There were 24 households, out of which 20.8% had children under the age of 18 living with them, 54.2% were married couples living together, 4.2% had a female householder with no husband present, and 41.7% were non-families. 25.0% of all households were made up of individuals, and 12.5% had someone living alone who was 65 years of age or older. The average household size was 2.13 and the average family size was 2.64.

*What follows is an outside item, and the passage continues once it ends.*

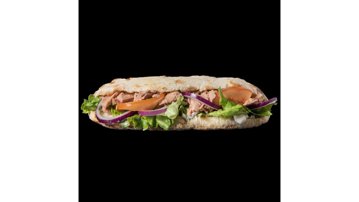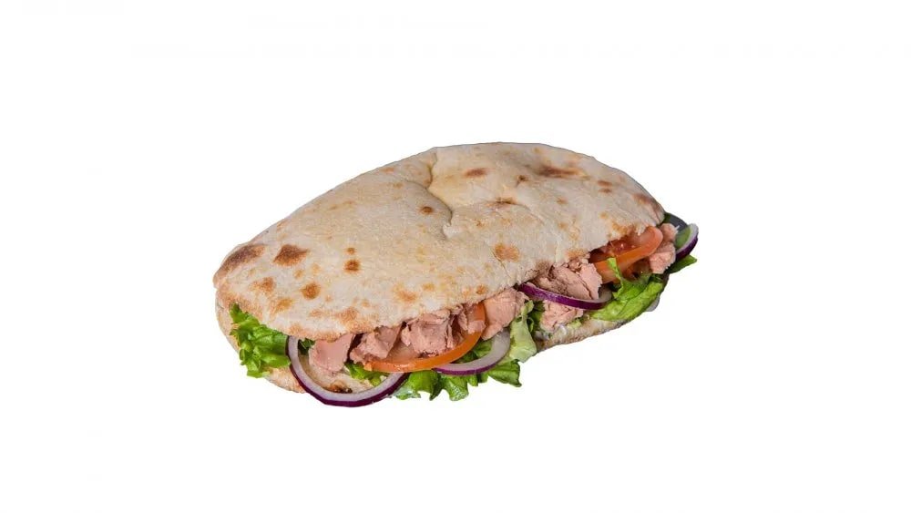 pita pe vatră pe vatră120g, ton 80g, salată 40g, sos de maioneză cu usturoi (de casă) 30g, roșii 30g, rondele de ceapă 20g Total: 320g
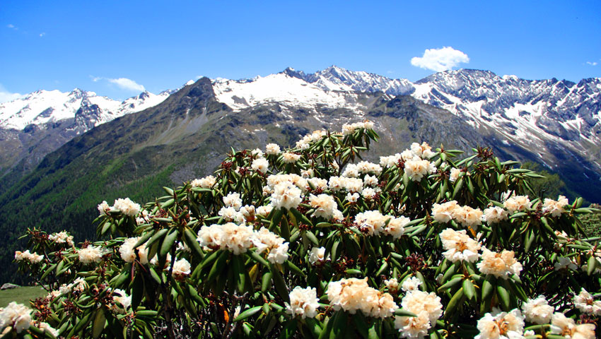 都說(shuō)四月芳菲盡,可達(dá)古冰山的杜鵑花兒到五月才開(kāi)始綻放,景區(qū)杜鵑花品種多、花期長(zhǎng)、顏色艷麗。每年五至七月,萬(wàn)畝杜鵑競(jìng)相開(kāi)放、爭(zhēng)奇斗艷,徜徉其中,花香撲鼻、沁人心脾。你可以盡情徜徉在四十里花海長(zhǎng)廊,身臨達(dá)古美景鳥語(yǔ)花香;你還可以乘坐世界之最的高空索道,俯瞰萬(wàn)畝杜鵑在冰山之間綻放;如果你有什么心愿和祈求,那一定要去轉(zhuǎn)轉(zhuǎn)洛格斯神山福佑圓心愿。

In the CDP, the population was spread out, with 17.6% under the age of 18, 5.9% from 18 to 24, 19.6% from 25 to 44, 39.2% from 45 to 64, and 17.6% who were 65 years of age or older. The median age was 50 years. For every 100 females, there were 104.0 males. For every 100 females age 18 and over, there were 121.1 males.

The median income for a household in the CDP was $40,804, and the median income for a family was $75,487. Males had a median income of $41,786 versus $13,750 for females. The per capita income for the CDP was $32,782. None of the population or the families were below the poverty line.